Ook op andere vlakken zou de Vlaming er beter van worden als het volledige gezins en gezondheidsbeleid bij de deelstaten lag. We moeten een duidelijke logica hanteren: kostencompenserende uitkeringen, zoals gezins en gezondheidsbeleid, horen bij de gemeenschappen. Inkomensvervangende uitkeringen, zoals pensioenen, arbeidsongeschiktheid of werkloosheid, horen bij de federale overheid.
Dicht bij de mensen
De filosofie achter de staatshervormingen is dat persoonsgebonden bevoegdheden (volksgezondheid en welzijn, onderwijs en cultuur) bij de gemeenschappen horen. Zorg moet zo dicht mogelijk bij de mensen staan, zodat ze zo dicht mogelijk kan aansluiten bij wat ze nodig hebben. Zo wordt de Vlaming gemiddeld ouder, wat gepaard gaat met bijkomende ziekten en kwalen. Het is moeilijk om dat aan te pakken, als de bevoegdheden versnipperd zijn. Als je mensen optimaal wil kunnen verzorgen, is het daarom belangrijk om zorg op maat te kunnen aanbieden. Een architect van de staatsstructuur denkt misschien in hokjes, maar ziekte en ouderdom doen dat niet. Het welzijns en gezondheidszorgaanbod horen dan ook thuis op hetzelfde overheidsniveau.

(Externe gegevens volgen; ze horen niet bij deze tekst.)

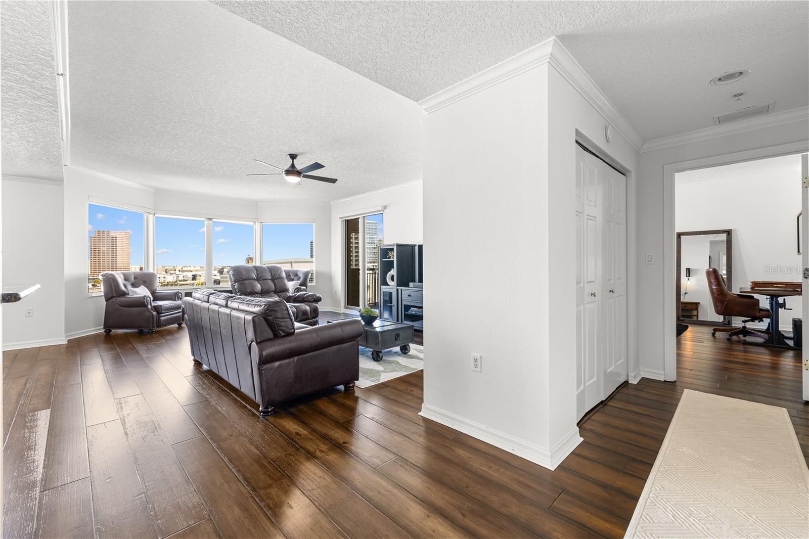 Experimente viver no auge da ilha particular mais cobiçada de Tampa. Situada no 11º andar do The Grandview em Harbour Island, esta requintada residência executiva captura vistas panorâmicas deslumbrantes do horizonte do centro da cidade, da Benchmark International Arena e das águas cintilantes do Garrison Channel. A partir do momento em que você entra, a luz natural preenche a grande sala de conceito aberto, acentuando os brilhantes pisos de madeira projetada e as amplas janelas do chão ao teto que emolduram os pores do sol mais cativantes da cidade. As persianas motorizadas oferecem conforto e privacidade sem esforço, enquanto a cozinha moderna apresenta elegantes bancadas de granito, um balcão para café da manhã e amplo espaço no balcão - perfeito para refeições divertidas e diárias. A espaçosa suíte principal oferece um retiro tranquilo, grande o suficiente para uma mesa ou área de estar íntima, e se abre diretamente para uma varanda privativa onde você pode relaxar com vistas deslumbrantes da orla e do horizonte. O banheiro inspirado em spa possui pias duplas, um box amplo generoso, uma banheira de imersão separada e um closet espaçoso, tudo projetado para relaxamento e elegância. Com apenas mais uma residência compartilhando o lobby do elevador, desfrute de uma elevada sensação de privacidade e exclusividade. Duas vagas de estacionamento premium completam esta oferta excepcional. Situado na glamorosa Harbour Island, uma das comunidades insulares privadas mais procuradas de Tampa Bay, o The Grandview oferece o equilíbrio ideal entre serenidade e sofisticação, onde os residentes desfrutam de acesso a quatro piscinas estilo resort, uma academia de ginástica totalmente equipada e a conveniência de estar a poucos passos da Benchmark International Arena, Water Street, Sparkman Wharf e dos melhores restaurantes, lojas e entretenimento de South Tampa. Descubra o que há de melhor em luxo, estilo de vida e localização – uma rara oportunidade de viver, trabalhar e se divertir em um dos locais mais prestigiados de Tampa

De coronacrisis heeft een aantal zaken opnieuw op scherp gesteld: Vlaanderen is wel bevoegd voor de contactopsporing, maar niet voor het testen. Wij zijn bevoegd voor de woonzorgcentra, maar slechts gedeeltelijk voor de ziekenhuizen. De eerstelijnszones in Vlaanderen staan klaar om een beleid dicht bij de mensen te voeren, maar omdat we de ziekenhuizen niet kunnen verplichten daaraan te participeren, kunnen we ze ook niet volop inzetten bij grote gezondheidsuitdagingen.
Een architect van de staatsstructuur denkt misschien in hokjes, maar ziekte en ouderdom doen dat niet
De crisis heeft ook aangetoond dat we kunnen samenwerken. Maar daarvoor hoeven we de tandpasta niet terug in de tube te duwen, en negeren dat er belangrijke verschillen in visie zijn tussen de deelstaten. Want beleid gaat over keuzes maken, over de vraag waar onze prioriteiten liggen en waarin we willen investeren. In Vlaanderen is het duidelijk dat de keuze ligt op preventie, zorg en welzijn. En dat de Vlaming daarvan de vruchten plukt in zijn dagelijkse leven. Die positieve tendens moeten we verder trekken naar het volledige gezondheidszorgbeleid.